Figure 1. Structure of antimicrobial compounds [14].
Table 3. Botanicals produced by plants having antimicrobial activity.
Methods for Evaluation of Efficacy of Plant Extract
In vitro antimicrobial susceptibility testing (AST)
1) Diffusion test
a) agar well diffusion
b) agar disk diffusion
c) poison food technique
d) bio autography
2) Dilution methods
a) agar dilution
b) broth micro dilution assay
c) broth macro dilution assay
5. VOLATILE OILS
• Volatiles are small molecular weight organic compounds having appreciable vapour pressure at ambient temperature
• Play role in defense system
• Inhibit the growth of pathogen
• Generally Recognized As Safe (GRAS)
• Isolated by hydro distillation or steam
• Terpinoides—monoterpenes (C10), ses quiterpenes (C15), diterpines (C20)
Examples: Black pepper (Piper nigrum Linn.), Clove (Syzygium aromaticum Linn.) Merr. & Perry, Nutmeg (Myristica fragrans Houtt.), Oregano (Origanum vulgare Linn.) and Thyme (Thymus vulgaris Linn.)
6. ESSENTIAL OILS
• The potential essential oils used against post harvest pathogens.
• Fungistatic
• Terpenoides and aromatic compounds
• Component—carvacrol, thymol, cymene, terpine, phenylpropene derivatives, eucalyptol and anisol Examples: Nettle oil (Urtica spp.), Thyme oil (Thymus vulgais Linn.), Eucalyptus oil (Eucalyptus globules Labill., Rue oil (Ruta graveolens Linn.), Lemon grass oil (Cymbopogon flexuosus (Steud.) Wats.) and Tea tree oil (Melaleuca alternifolia Maiden & Betche).
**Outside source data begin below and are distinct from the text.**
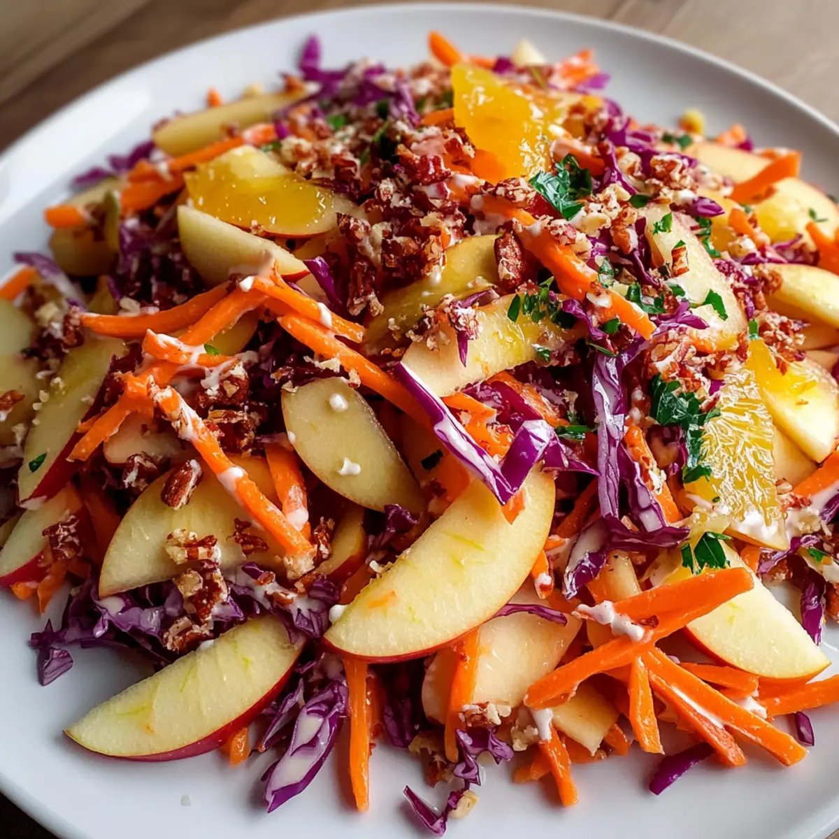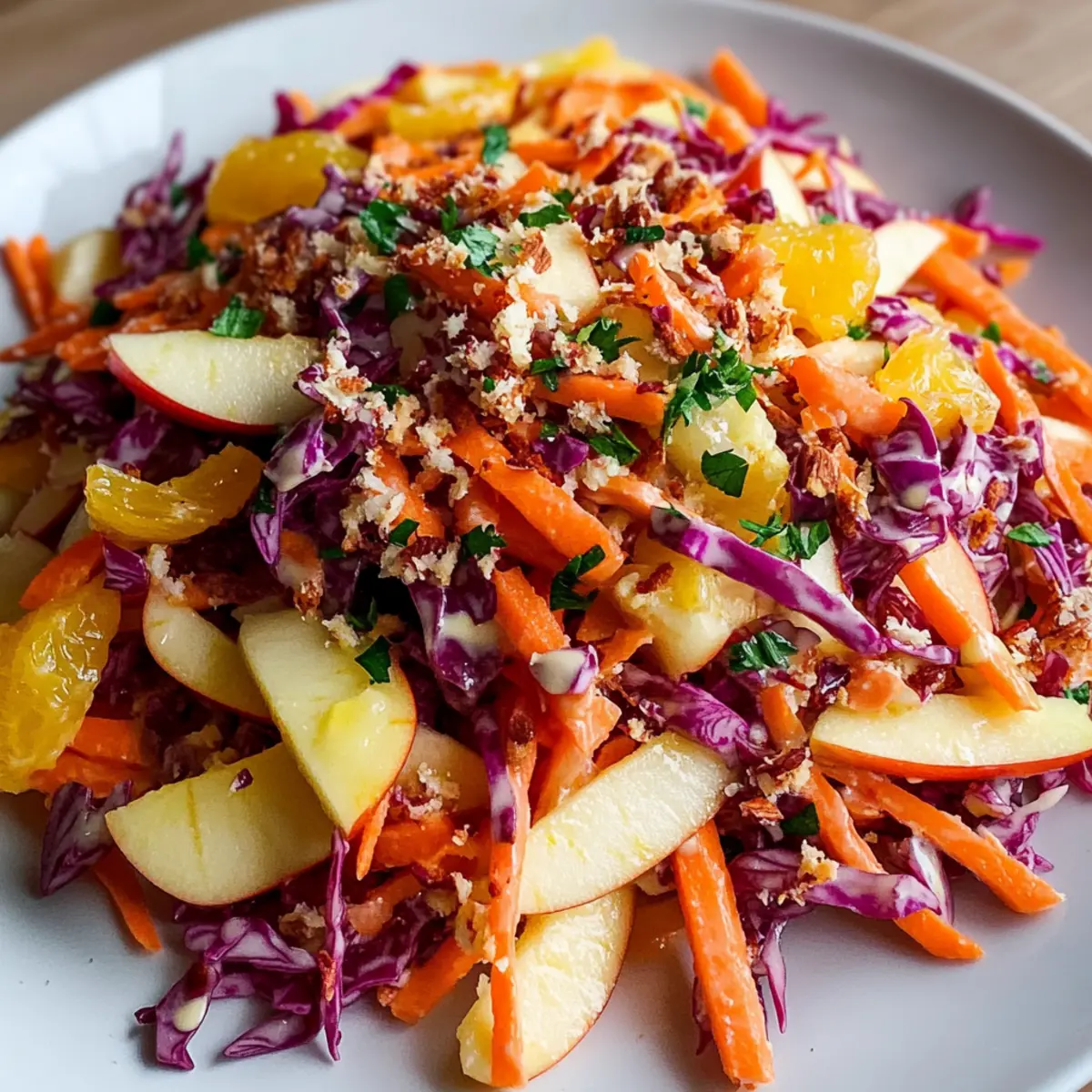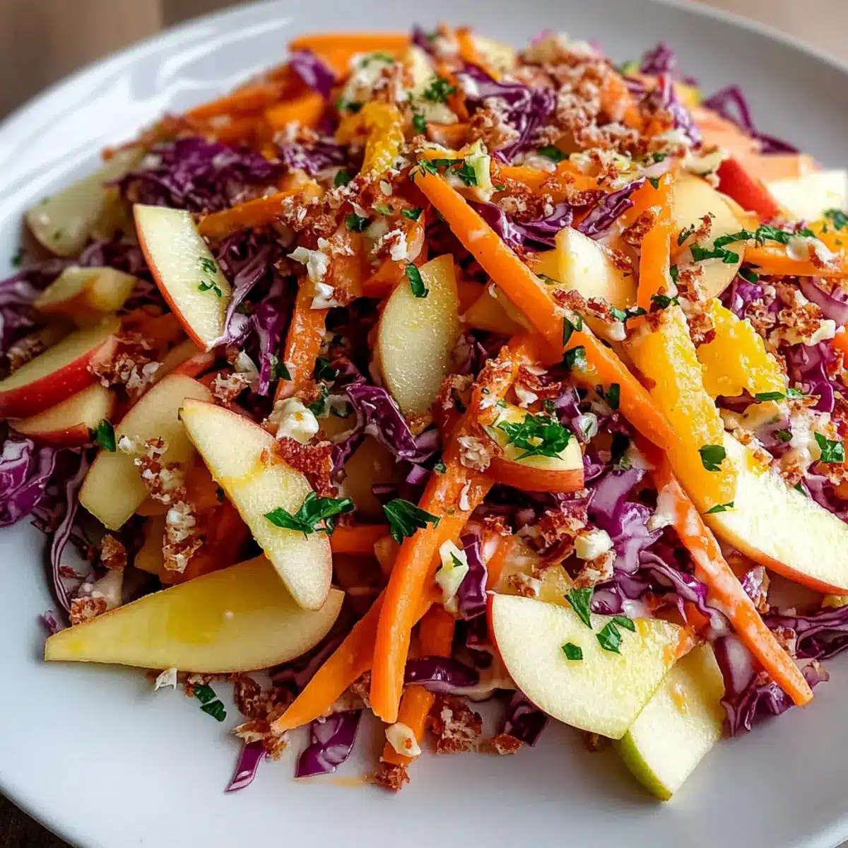 This Crunchy Apple Carrot Salad with Creamy Citrus Dressing is a fantastic choice for busy home cooks who appreciate meal prep! You can grate the carrots, chop the apples, and shred the red cabbage up to 24 hours in advance—just store them in an airtight container in the refrigerator to keep them fresh and prevent browning. Additionally, the dressing can be prepared ahead of time and refrigerated for up to 3 days. When you’re ready to serve, simply combine the prepped vegetables and drizzle the creamy dressing on top, giving everything a gentle toss. This way, you’ll have a vibrant, delicious salad ready to enjoy with minimal effort!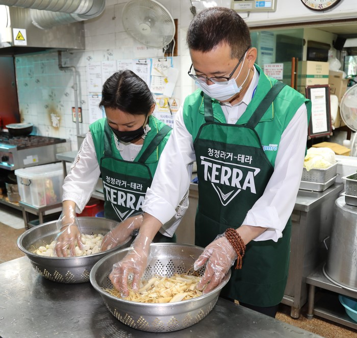 | ▲ 8월 11일 하이트진로 임직원들이 삼계탕을 100인분을 직접 만들어 나눔활동을 펼쳤다. |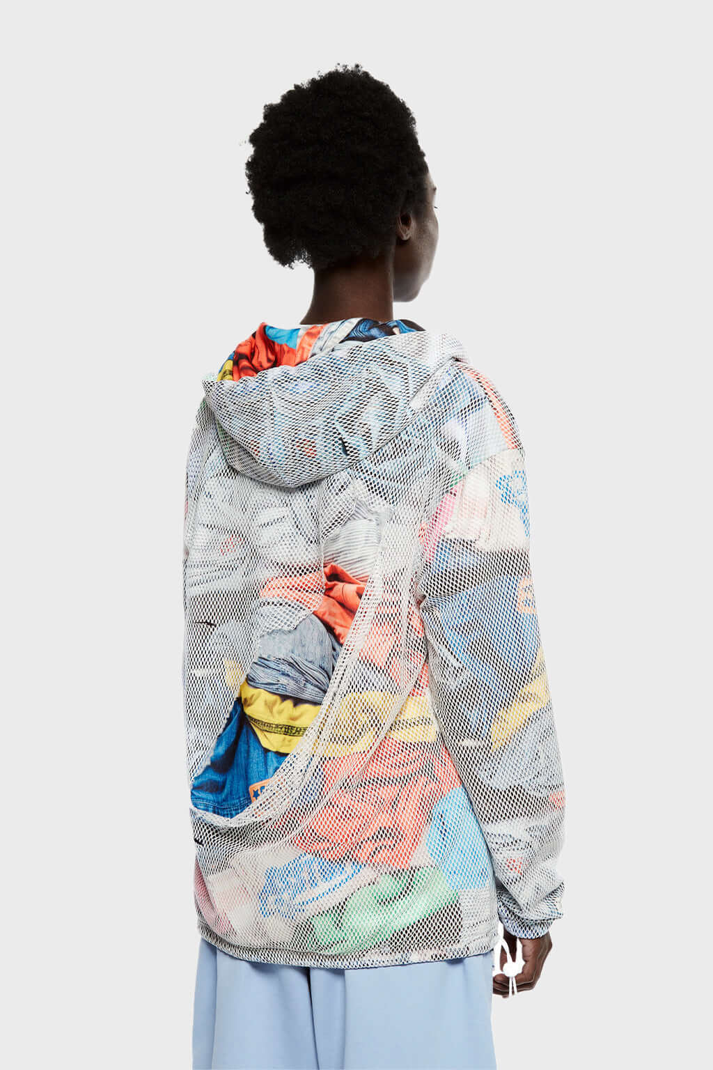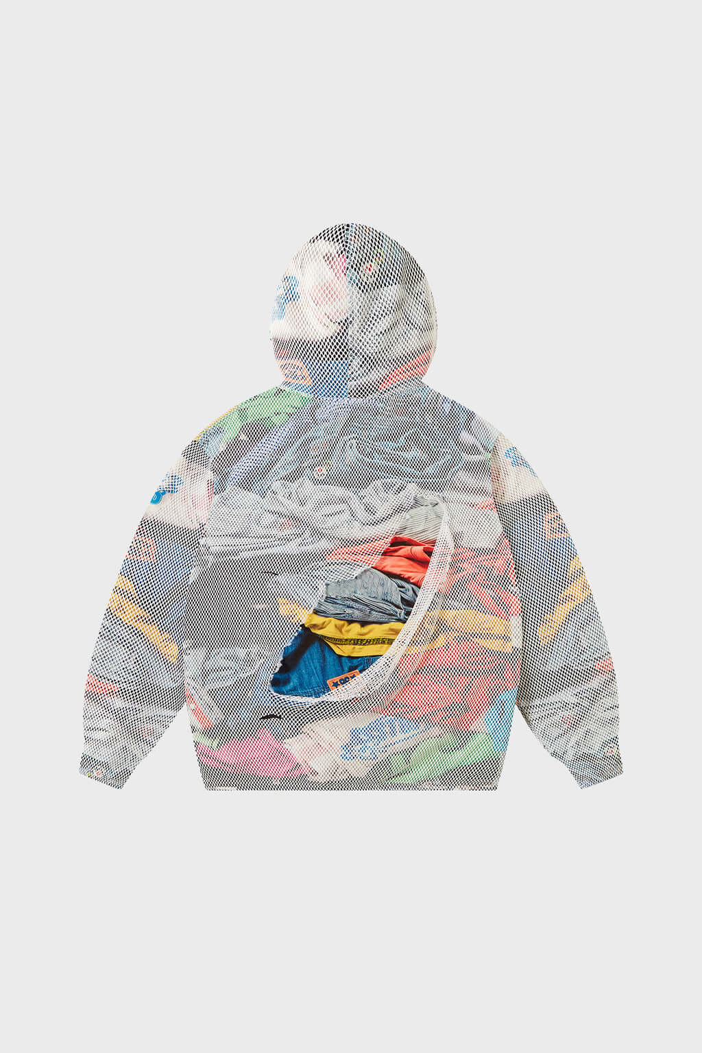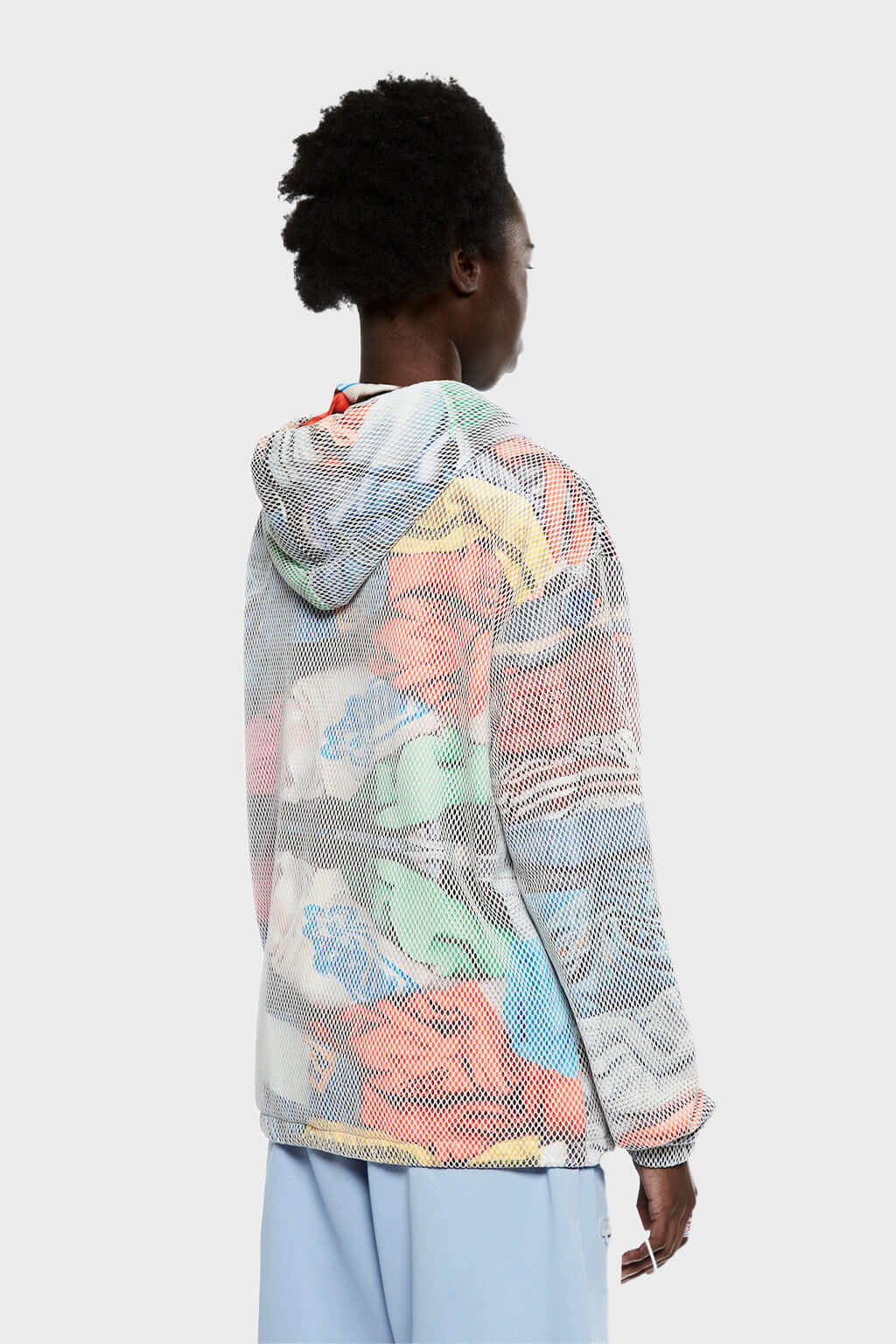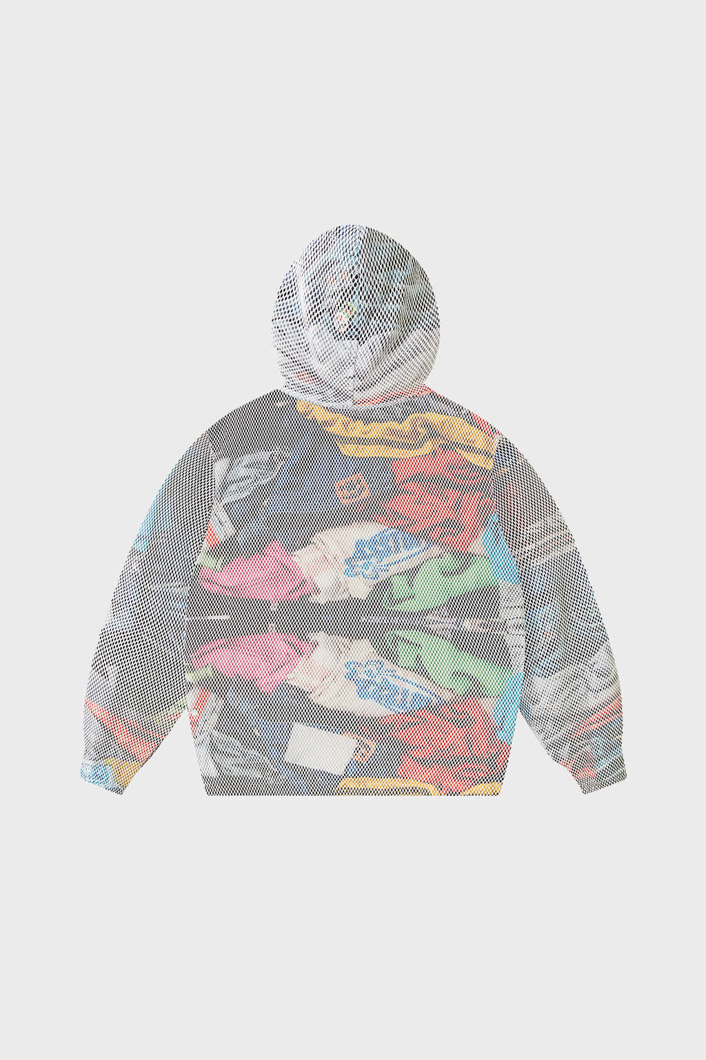 -Zip up hoody with mesh overlay, zip pockets, adjustable elastic at the waist and the option to tear through the mesh to reveal all over graphic.

7. LIMITATIONS OF BOTANICALS FOR PLANT DISEASE MANAGEMENT
• Extraction methods are not standardized
• Rapid degradation
• Most studies are in vitro efficacy
• Need the development of formulations
• Some chemical compounds are harmful to human and plants
• Less effective
• Less availability formulations
8. CONCLUSION
Plants contain thousands of constituents and are valuable sources of new and biologically active molecules possessing antimicrobial property (Table 4). The ethnobotanical study of plant is important for modern day medicine but its usefulness cannot be overemphasized if methods are not standardized to obtain comparable and reproducible results. At present, scientists are investigating for plant products of antimicrobial properties. It would be advantageous to standardize methods of extraction and in vitro antimicrobial efficacy testing so that the search for new biologically active plant products could be more systematic and interpretation of results would be facilitated. Thousands of phytochemicals which have inhibitory effects on all types of microorganisms in vitro should be subjected in vivo testing to evaluate the efficacy in controlling the incidence of disease in crops, plants, and humans. Efficient collaborations with pharmacologists and medical doctors, plant pathologists and microbiologists are crucial to see the complete development of an interesting lead compound into an exploitable product.